For many, 2020 was going to be the year.
The economy was booming, 2019 — a year the majority of Americans said was terrible — was in the rearview mirror, the Olympics were on the horizon, and Tom Cruise was set to bring back Lt. Pete “Maverick” Mitchell in a new “Top Gun.”
But then a worldwide pandemic crashed the party, locked us inside, and began wrecking local economies. We canceled trips, turned our living rooms into home offices, distanced ourselves from loved ones, and postponed, axed or rejiggered longstanding plans — all in the name of putting or neighbor’s wellbeing in front of our own.
Which puts us in a tricky situation when looking over this month’s ballot.
Roseburg Public Schools is asking voters to approve a $94 million bond levy for safety and security systems, vocational education, indoor air quality improvements, heating and cooling systems and technology infrastructure at each school in the district, as well as funding five new gymnasiums at elementary schools and replacing the Heritage Building.
Supporters of the bond say it will boost the economy by creating jobs, making the area more attractive for prospective residents, and by producing a young workforce capable of tackling the 21st century’s complex and technologically-advanced problems.
It’s no secret that Douglas County is struggling to attract, let alone retain, a powerful workforce, and outdated educational facilities may be to blame.

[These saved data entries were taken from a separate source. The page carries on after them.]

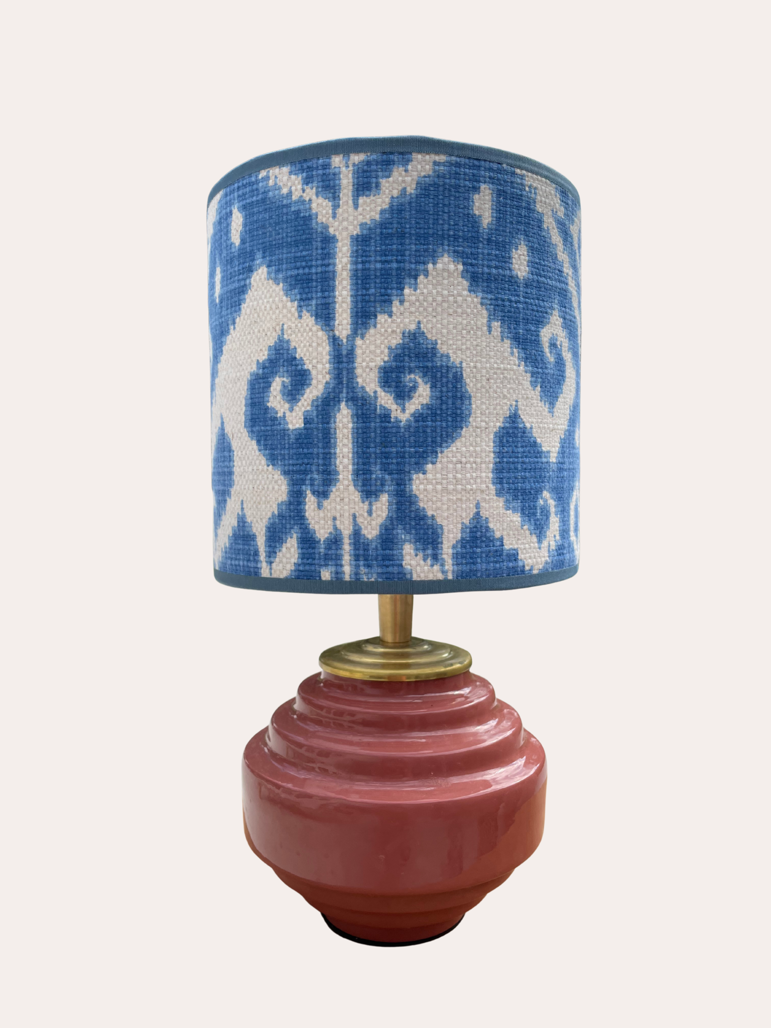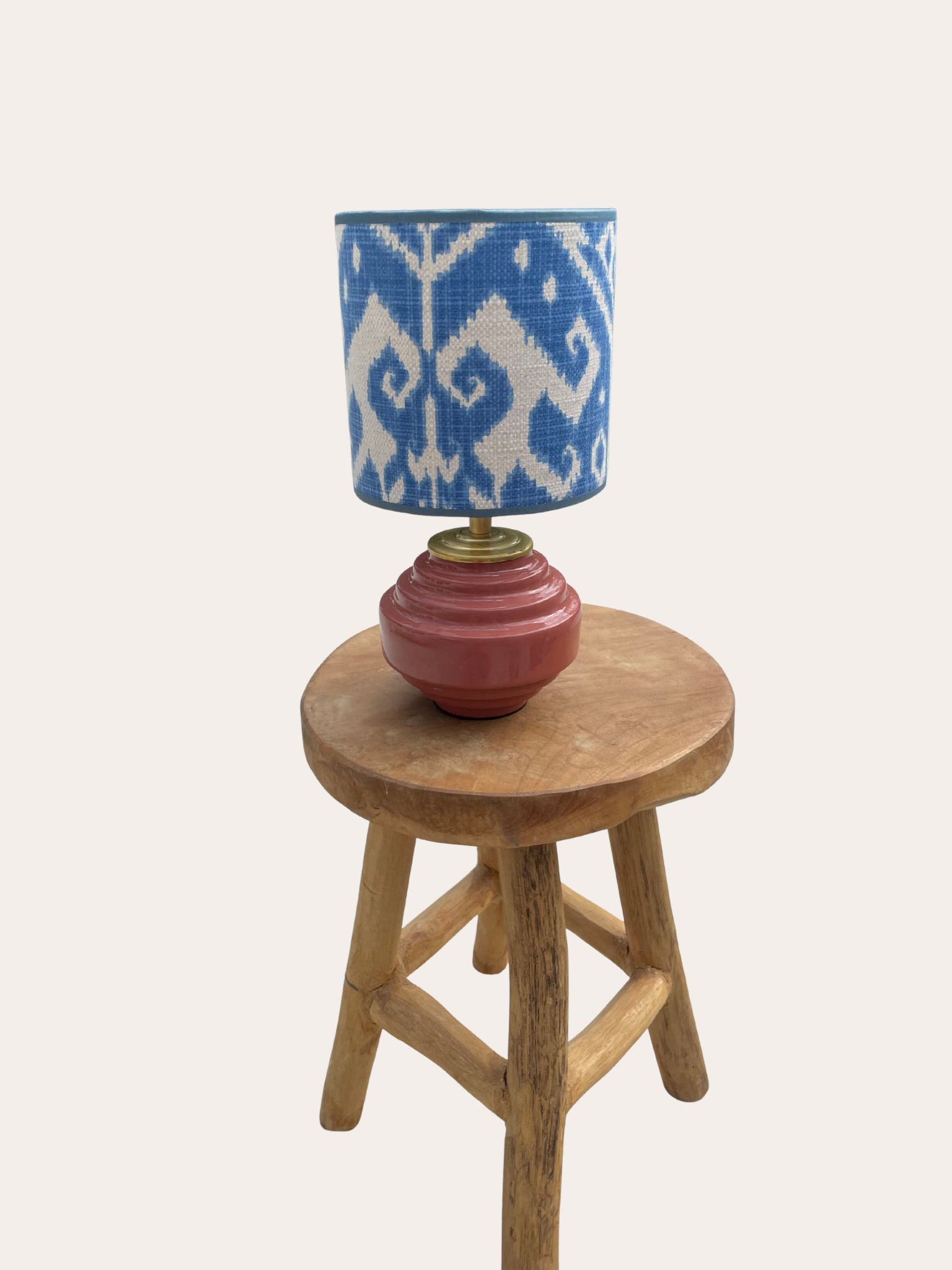 Deze roze/ terra kleurig lampenvoet past prachtig bij deze blauw/ witte ikatee print stof. Een echte eye catcher die je interieur op spiced!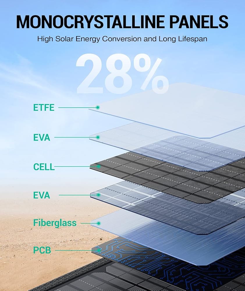 معدل تحويل عالي الكفاءة: تعمل الألواح الشمسية عالية الكفاءة على تحويل 28% من الطاقة الشمسية إلى طاقة مجانية في ضوء الشمس الكافي، كما أن ألواح السيليكون الأحادية البلورية الأكثر متانة، والتي تتحمل التآكل بشكل أفضل من الألواح التقليدية، توفر أعلى كفاءة في تحويل الطاقة.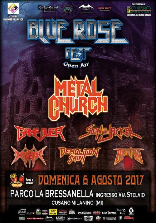 Dopo il successo ottenuto la scorsa estate, i METAL CHURCH di Mike Howe e soci tornano in Italia per un unico spettacolo nazionale in occasione del BLUE ROSE FEST Open Air, manifestazione voluta fortemente dall’ormai storico locale per festeggiare insieme un anno di successi e prepararsi alla nuova stagione invernale nel migliore dei modi. L’appuntamento è previsto per il 6 Agosto 2016 presso il Parco Bressanella a Cusano Milanino, per un’intera giornata di musica in un’area immersa nel verde a due passi da Milano.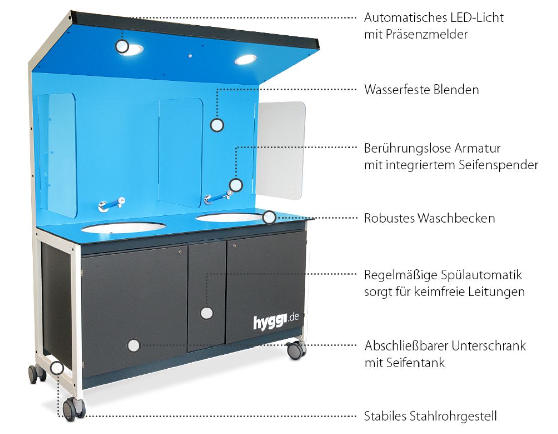 Händewaschen ist wichtiger denn je: Handhygiene und Abstandhalten sind die zwei wesentlichen Regeln zur Eindämmung des Coronavirus. An Schulen sind sie jedoch allein mit den Handwaschmöglichkeiten auf Schultoiletten kaum umzusetzen. Hier leistet Hyggi Soforthilfe: Sie kann überall aufgestellt werden, wo sie gebraucht wird – im Foyer, in Fluren, vor Mensen und Klassenräumen.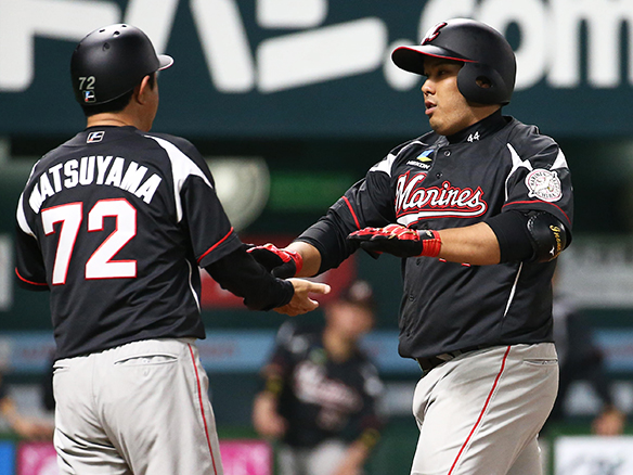 5番 清田 左本 2アウト2塁の2-1からレフトスタンドへの2ランホームランでロッテ同点! ソ2-2ロ ![]() 2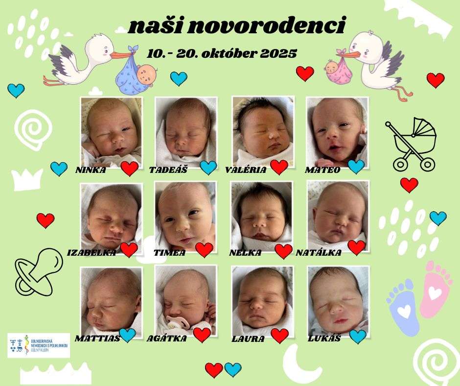 S veľkou radosťou oznamujeme, že v októbri 2025 sa v pôrodnici Dolnooravskej nemocnice narodilo bábätiek – z toho 29 dievčatiek a 25chlapčekov. Potešili nás dva páry dvojičiek.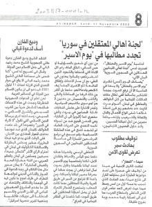 لجنة اهالي المعتقلين في سوريا تجدد مطالبها في يوم الأسير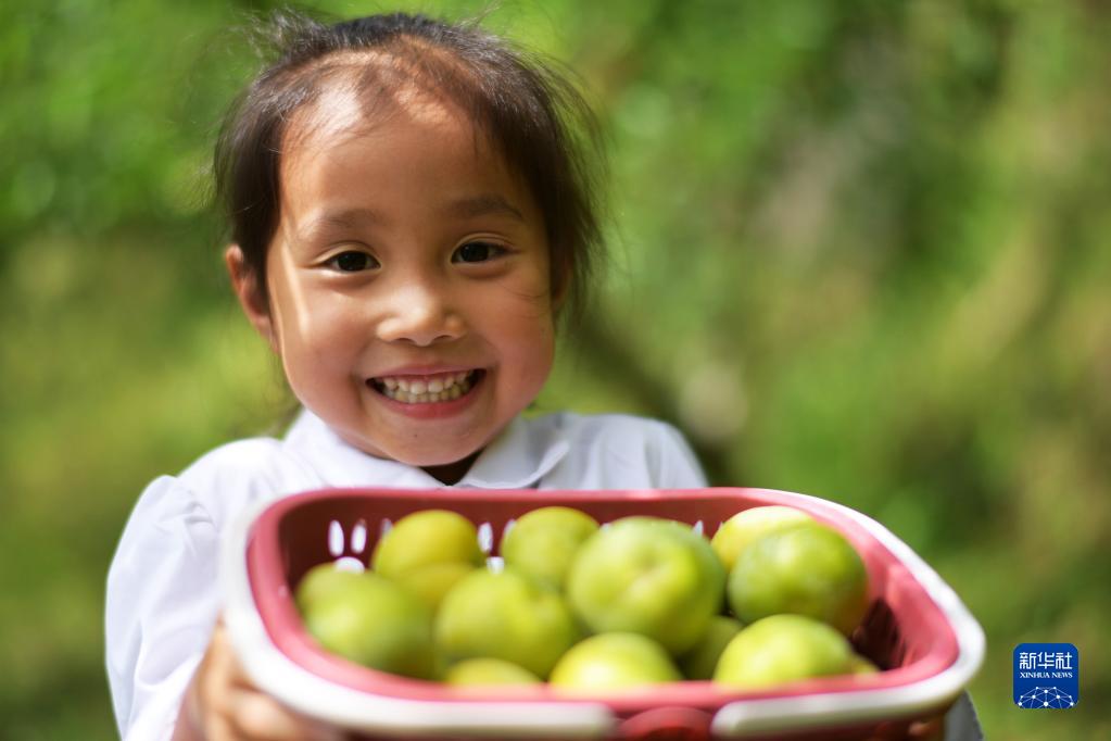 6月24日,夏國剛的女兒夏正林在貴州省開(kāi)陽(yáng)縣龍水鄉龍溪村烏江河畔的果園展示采摘的蜂糖李。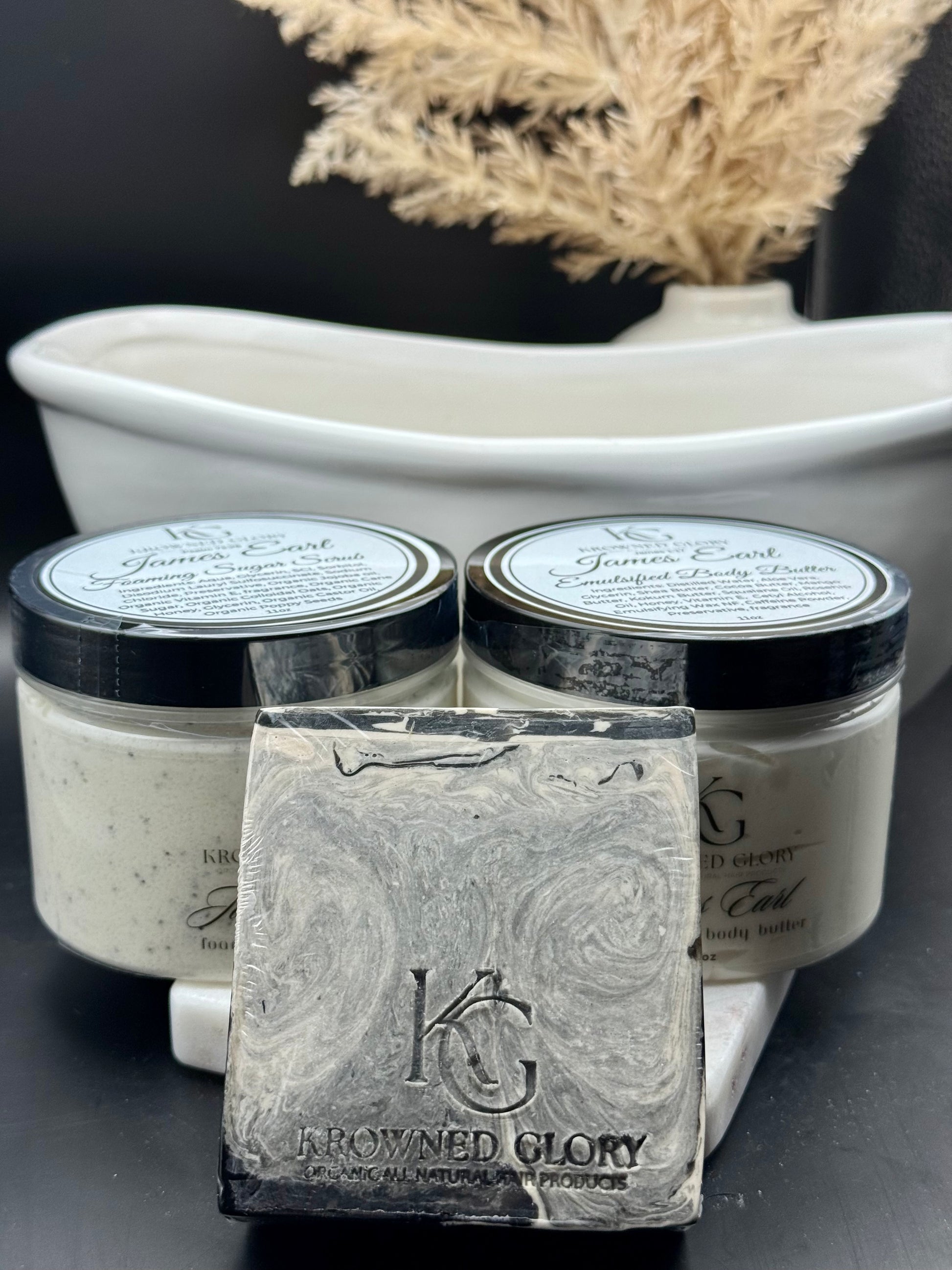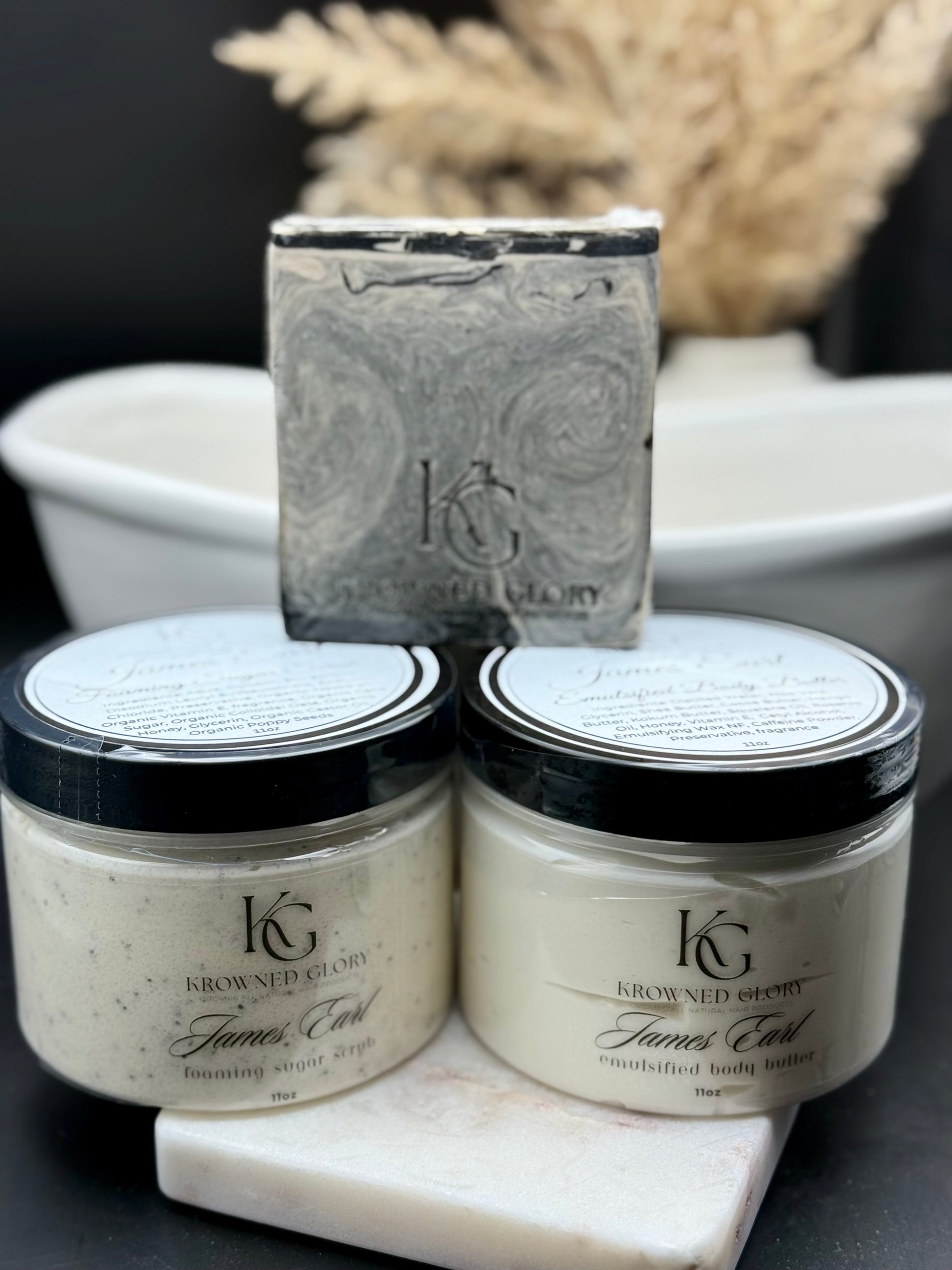 Make your skin a statement with the James Earl Men’s Body Bundle Collection- a premium grooming bundle designed for the man who moves with confidence and leads with quiet power. This three-piece set includes our skin-purifying bar soap, deep-cleaning foaming sugar scrub, and ultra-smooth emulsified body butter, all enriched with high-performing organic ingredients and finished with a warm, masculine vanilla bourbon fragrance.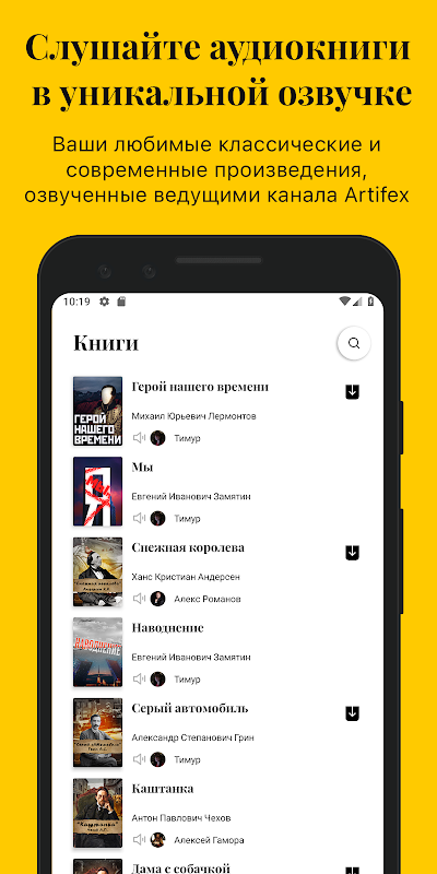 Ve ebedi klasikleri sevenler için - okumak - kitapları daha rahat bir şekilde tanımak için her şeye sahibiz. Artifex YouTube kanalının sunucuları tarafından seslendirilen, e-kitap veya sesli kitap için tanıdık bir format. Her seferinde bir kitaptan birini seçin veya tüm kütüphaneye aynı anda erişmek için aylık abonelik için kaydolun. Tek seferde bir sesli kitap satın almaktan daha karlı!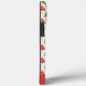 A custom phone case with a retro-style mid-century Christmas tree pattern of triangles, stars, snowflakes and diagonal stripes. Colours include; red, green, pink and white. This design can be personalised with an initial (monogrammed).
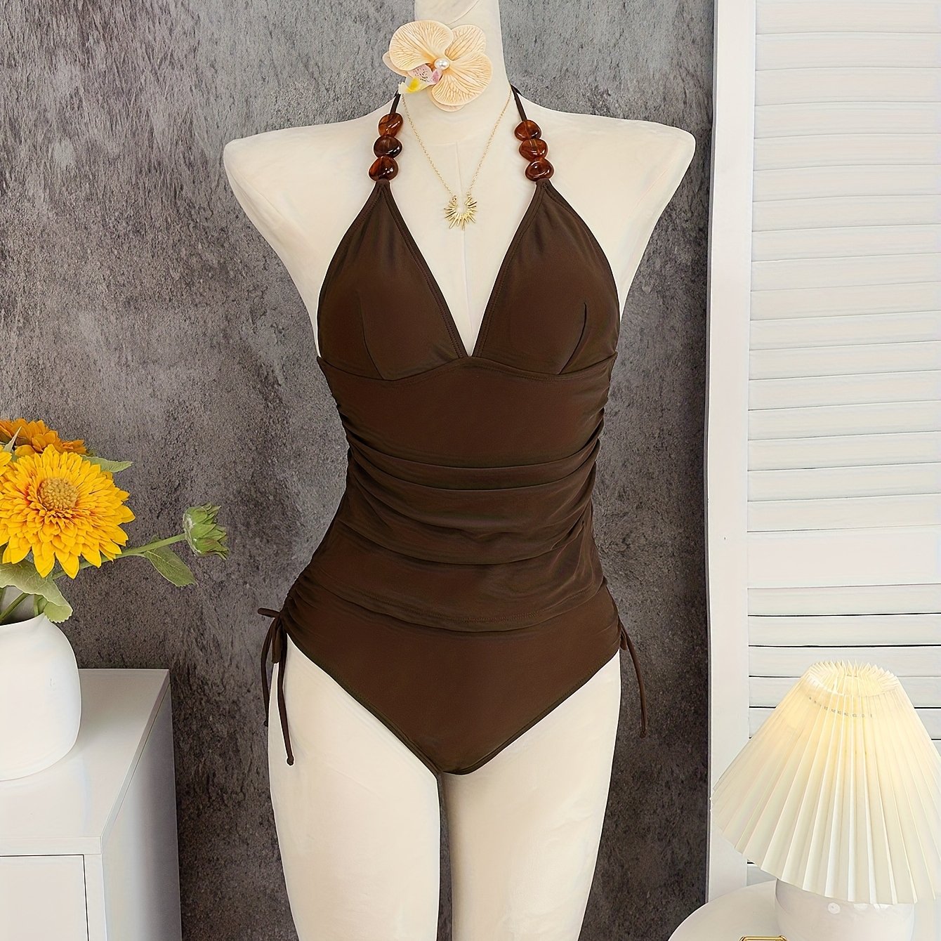 TEMU 여성용 솔리드 컬러 탱키니 세트, 대조 비즈 트림, 홀터넥 섹시 탱키니 수영복 - 수영 파티 및 해변 휴가용
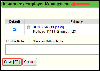 - Select Save [F2] on the Insurance/Employer Management screen.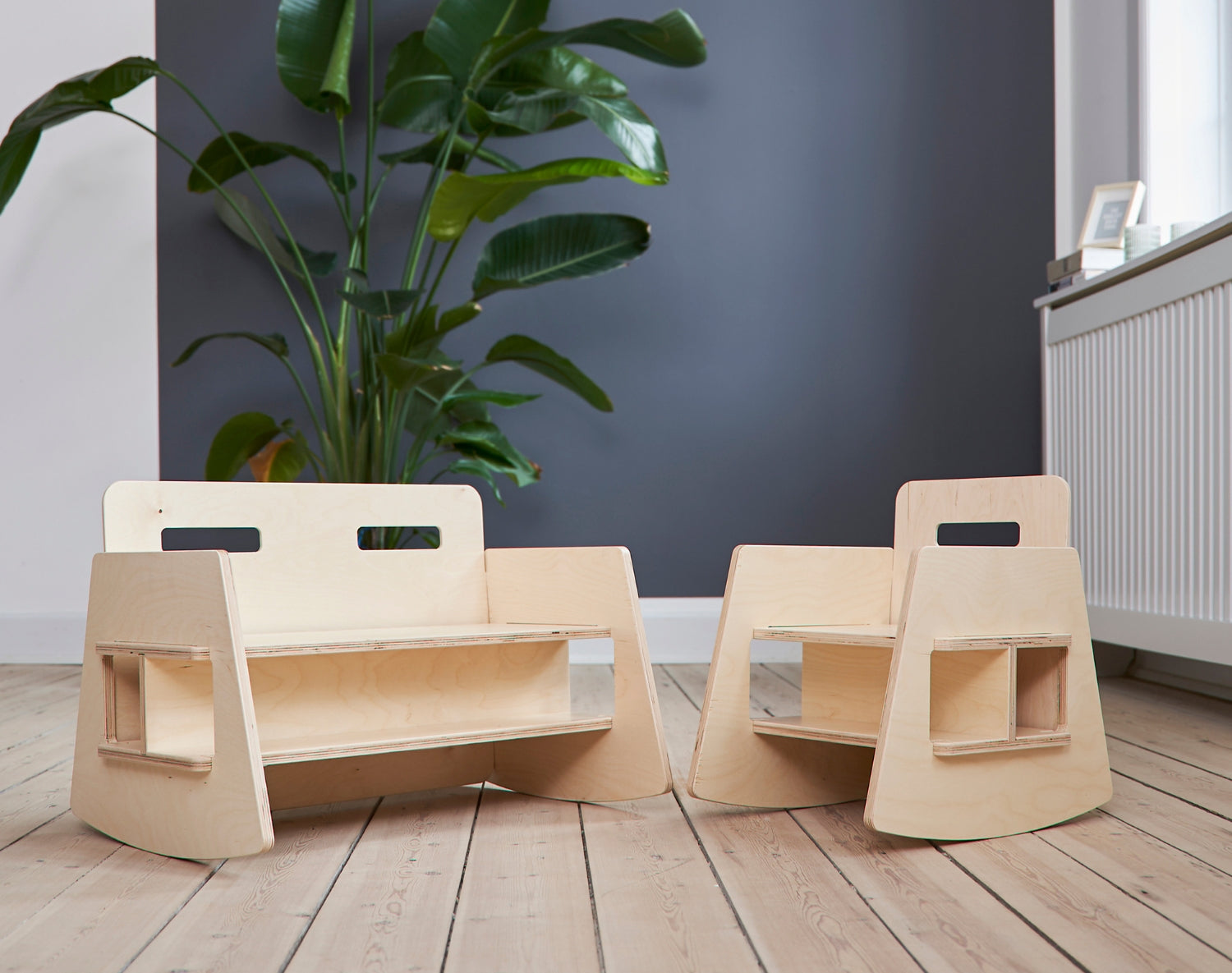 Der innovative Flip-Vip-Stuhl kann im Handumdrehen von einem normalen Stuhl zu einem Schaukelstuhl umgebaut werden – und ist auch als Bank erhältlich.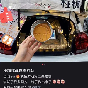 “当时也是在看《鱿鱼游戏》这个剧,还在小红书刷到韩国老爷爷在摊位现做这个糖饼,感觉很有意思就也想试试。”小童说,自己一直有创业的心,但又不太敢,这次看到剧的热度很高,就火速买了工具,逼了自己一把,“从有摆摊想法到开始摆摊就花了2天时间。”不过,研制椪糖的过程还是失败了好几次,要么颜色太深,要么小苏打放多了太膨胀了,还遇到过粘在板上就拿不起来的情况。

After all, when young professionals look at moving to the area — often with their young families in tow — our overgrown halls of ivy don’t exactly scream “move here.”
And for the most part, the supporters are right. District-wide renovations could help attract neurologists, accountants, and other specialists to the area while making life better for the rest of us because investing in education early and often is critical in maintaining a strong community. A community, by the way, made so great by the facilities paid for by the debts of generations past.
But times are drastically different than they were in February when Superintendent Jared Cordon submitted the measure to the county clerk. COVID-19 has decimated small businesses and forced workers to file unemployment insurance claims at a record-breaking pace.
In Sutherlin, Superintendent Terri Prestianni pulled his bond from the ballot in March, saying the community would be stretched too thin.
“We have to remember our community of businesses, and for them to be shut down and then think there’s even the possibility of raising taxes. I think that’s not good,” he said.
Even as Oregon begins to slowly open, the losses to companies nationwide, many already overwhelmed with debt, could trigger a financial crisis so dire it would be the deepest dive for the global economy for over 100 years, according to Kenneth Rogoff, a Harvard economist.
“I feel like the 2008 financial crisis was just a dry run for this,” he told The New York Times in April.
Which makes it difficult to justify voting in favor of a bond of any size — even one as critical as this. The bond would mature in 20 years and have an estimated tax rate of $1.27 per $1,000 of assessed property, a 63-cent per $1,000 increase over the current rate, which pre-pandemic, would have been a worthy investment. But with many in the county not knowing when their next paycheck will come, whether their jobs will return as swiftly as they hope, or if they’ll ever get to unlock their storefront doors, it’s too risky to support an additional tax.
Unfortunately, 2020 just isn’t the year.